Farley v. Blackwood, 56 Ill. App. 3d 1040 (1978)

Jan. 13, 1978 · Illinois Appellate Court · No. 77-62
56 Ill. App. 3d 1040

PHIL FARLEY, Plaintiff-Appellee, v. LARRY B. BLACKWOOD, Defendant-Appellant.

First District (5th Division)

No. 77-62

Opinion filed January 13, 1978.

*1042George William Wolff, of Bartlett, for appellant.

David I. Grand and Linda J. Kroning, both of Chicago, for appellee.

Mr. PRESIDING JUSTICE SULLIVAN

delivered the opinion of the court:

In this matter, defendant filed a notice of appeal from a default judgment entered in a forcible entry and detainer proceeding awarding possession to plaintiff and from orders denying a motion for a stay of execution and to vacate the default judgment. On appeal, the following issues are presented: (1) whether the default judgment is void for want of in personam jurisdiction; (2) whether it was error to have denied defendant’s motion for a stay of execution; and (3) whether defendant’s motion to vacate the default judgment was improperly denied.

Defendant leased an apartment from plaintiff for a one year term beginning June 1, 1975. Before its termination on May 31, 1976, plaintiff sent defendant a new one-year lease at an increased rental of *20 per *1043month.
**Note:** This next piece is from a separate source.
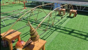 ทีมจากคณะวิศวกรรมศาสตร์ ศรีราชา ได้ส่งผลงานภายใต้แนวคิด “การลดคาร์บอนไดออกไซด์ ลดของเสีย และการนำวัสดุกลับมาใช้ใหม่” ซึ่งสอดคล้องกับนโยบาย “KU Goes Green and Carbon Neutrality” ของมหาวิทยาลัย โดยได้นำสลักเกลียวและน็อตที่เกลียวชำรุดเสียหายมาเชื่อมประกอบเป็นชิ้นส่วนสะพานใหม่ เพื่อลดการใช้วัสดุและเพิ่มคุณค่าของการออกแบบอย่างยั่งยืน

The letter enclosing the new lease stated that if it was not acceptable, the existing lease would be extended for one month. When defendant refused to execute the new lease or to pay the June rent, plaintiff filed a forcible entry and detainer action for nonpayment of rent. Defendant then filed an action seeking declaratory judgment and damages for alleged nonrepairs of the apartment and for building code violations. An agreement was then entered into by the parties under which plaintiff was to make certain repairs, defendant was to tender rent for June and July at the previous rate, and both actions were to be dismissed. Plaintiff dismissed his action, but defendant’s suit remains pending, as he continued to dispute the rent increase on the basis that the terms of a “regulatory agreement” with the United States Department of Housing and Urban Development (HUD) prohibited plaintiff from increasing without HUD approval.

Thereafter, on August 4, plaintiff served notice that the tenancy would terminate within 60 days, and he refused to accept the rent tendered by defendant for the months of August, September and October. On October 6, plaintiff filed another forcible entry and detainer action for possession of the premises. Although a summons had been issued, the sheriff’s return thereon reveals that he was unable to personally serve defendant. However, because the court’s half-sheet record disclosed that his appearance had been filed, a default was entered and, in an ex parte proceeding on October 21, 1976, gave judgment to plaintiff and, at the same time, stayed the writ of restitution for 15 days.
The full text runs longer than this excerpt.